- Born: Paula Jane Booth
- Known for: Study of Lipids and Membranes
- Awards: Philip Leverhulme Prize
- Scientific career
- Fields: Chemistry and Biochemistry
- Institutions: King's College, London

= Paula Booth =

British chemist

Paula Jane Booth is an English chemist who holds the Daniell Chair of Chemistry at King's College London and is Head of Department. Booth was awarded a Philip Leverhulme Prize in 2003, a Royal Society Wolfson Research Merit Award in 2008 and an ERC Advanced grant in 2012 for her novel work on investigating the mechanisms of biological self-assembly.

== Education and academic career ==
Booth studied for a BA Hons in Chemistry at St John’s College, Oxford. Booth undertook a PhD to study the thermodynamic properties of electron transfer in Photosystem 2 reaction centres, at Imperial College, London, under the supervisor of George Porter and James Barber. Following a short fellowship at the Centre D-Etudes de Saclay outside Paris, Booth set up her own research group at the University of Oxford, whilst holding a Research Fellowship at Corpus Christi College. After this, Booth moved to Imperial College and then the University of Bristol where she was appointed professor in 2005. In 2014 Booth was appointed Daniell Chair and Head of Department at King's College London. She is also on the academic staff at The London Centre for Nanotechnology.

== Research interests ==
At the University of Bristol, Booth investigated the minimal lipid composition which allows insertion of membrane proteins. Booth's current research studies how membrane lipids impact on membrane protein folding and activity. Booth also investigates the design of artificial membrane proteins and lipids to develop synthetic biology systems to apply to useful applications. Techniques from many disciplines are put to use by Booth to measure and alter properties of membrane lipids and proteins.
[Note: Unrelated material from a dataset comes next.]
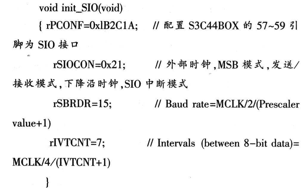 由于S3C44BOX的SIO接口的引脚与标准I/O端口复用,因此首先必须设置S3C44BOX的引脚57~引脚59为SIO接口,然后再通过配置SIO模块对应的寄存器,使得SIO时序与MCP2510的SPI接口协议一致,可通过以下初始化SIO函数实现。

== Professional associations and awards ==

- In 2003, Booth was awarded a Philip Leverhulme Prize.
- In 2008, Booth received a Royal Society Wolfson Research Merit Award.
- In 2012, Booth was nominated for membership of AcademiaNet by the European Research Council (ERC).
- In 2012, Booth was awarded an ERC Advanced grant to investigate the fundamentals of membrane transporter folding and creation of synthetic modules.